El asistente permaneció en silencio por algunos segundos mientras manejaba. Habían tomando el auto de servicio porque Navarra jamás habría puesto en peligro el Jeep Cherokee del 88 para ir a Barrio Dimitrov. Morera manejaba un Nissan Sentra azul, anónimo, y con los amortiguadores destrozados, el único carro que había disponible en el aparcamiento de la Comandancia. Observaba la carretera, tenso y preocupado, como si esperase una emboscada de un momento a otro.

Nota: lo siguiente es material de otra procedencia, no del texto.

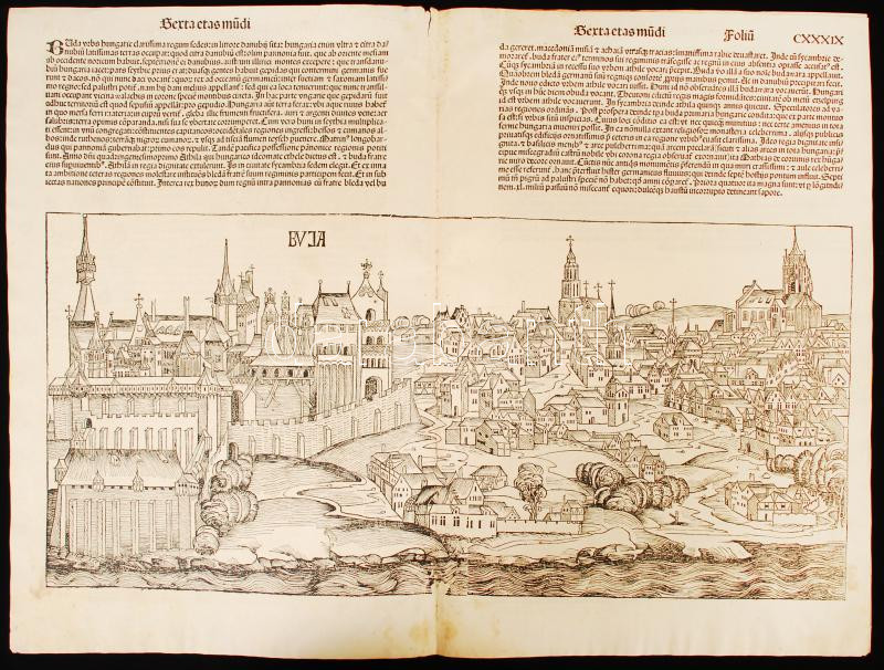 Buda fametszetű látképe Hartmann Schedel: Liber Chronicarum (Nürnberg, 1493) című munkájának latin nyelvű első kiadásából. Buda első ismert ábrázolása két levélre nyomtatva. Alján kis javítással.
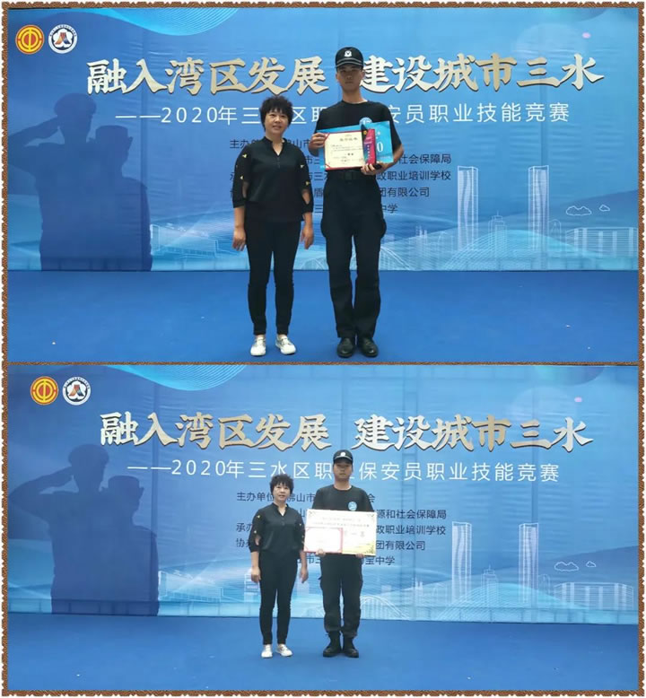 10月18日,三水区举行 “融入湾区发展 建设城市三水” — 2020年三水区职工保安员职业技能竞赛。该竞赛由三水区总工会、三水区人力资源和社会保障局主办,共有31名保安员选手参赛,我司代表参赛保安员杨海潮、李其昆、龙大标夺得团体奖第一名。
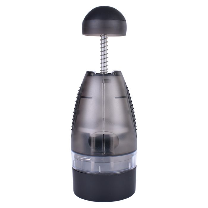 Chop vegetables, nuts, chocolate and fruits quickly and easily. Rotating stainless steel blades are very sharp. Never need to switch blades, durable for use. Open up for easy cleaning and it's safe for dishwasher. * Great for onions and even garlic so that your fingers would not have any odours and it saves time. * Separate outer skin from onions and garlic. * The more you slap, the finer the food. Specifications: Color: Black Material: Stainless Steel + Environmental Plastic Unit dimensions: 8.5x8.5x26cm Package dimension: 9.8*9.8*27cm Package weight: 0.385kg Note: * the blades are very sharp. Please be careful when you are disassembling and cleaning the blades!
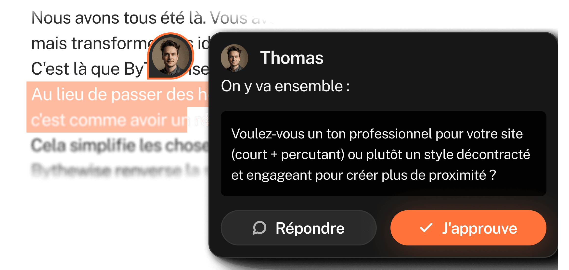 ByTheWise s'adapte à TOUS les secteurs : e-commerce, SaaS, services, B2B, B2C... L'IA apprend votre style unique.
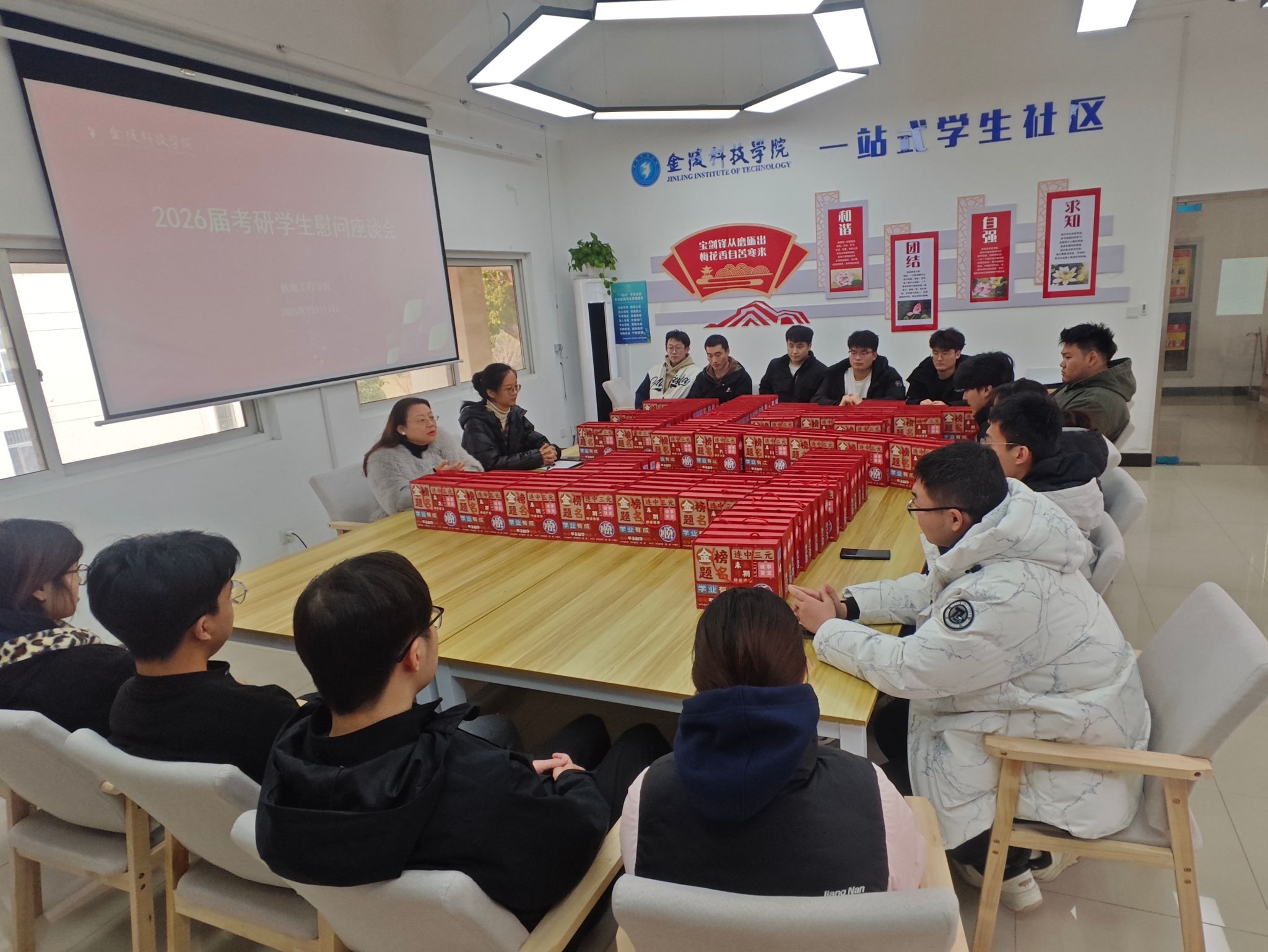 12月17日,机电工程学院在南区01栋一站式社区举办了2026届考研学生慰问座谈会,通过面对面交流传递关怀、缓解压力、提供指导,助力学子们以更佳状态冲刺备考。学院党委副书记张蓉、毕业班辅导员黄凝宁以及备战考研的学生代表们参加了此次活动。

«Tenía una calavera tatuada en la frente», respondió finalmente.

«Bien. ¿Qué más?»

«Era un loco.»

“¿Por qué?»

«Porque solo un loco va por ahí con una calavera tatuada en la frente.»

Navarra se limitó a asentir. Miraba fuera de la ventanilla la carretera que embocaba a una periferia devastada. No eran solo las casas, era todo el abandono que observaba alrededor, era un grupo de niños que jugaba en las aguas negras de una cloaca y eran dos mujeres sentadas en tierra que se intercambiaban la piedra, el crack que fumaban con ostentación, en medio de la gente, lo que le deprimía. Se sintió invadido por una profunda tristeza porque, en el fondo, lo que veía era el espejo de su derrota y de su degeneración. Habían intentado cambiar las cosas, pero aquel era el resultado. Ya casi no pensaba en la guerra. Había conseguido, como casi todos, sofocar los recuerdos. Y, sin embargo, cuando se encontraba en situaciones como aquella, sentía claro el peso de los errores.

«¿Sabes cuál es el problema de los jóvenes?» Morera se limitó a escuchar, ya sabía que Navarra estaba hablando para sí mismo. «El idealismo. Ponlo en política, en religión o en la criminalidad, como estos desgraciados, pero al final es solo idealismo. Incluso con el dinero: haces dinero solo por idealismo.» Se quedó callado por unos segundos, como repensando en lo que había dicho. «¿Sabes en vez qué es necesario en la vida? Pragmatismo. Pragmatismo, concreción. Es decir, pocas tonterías.»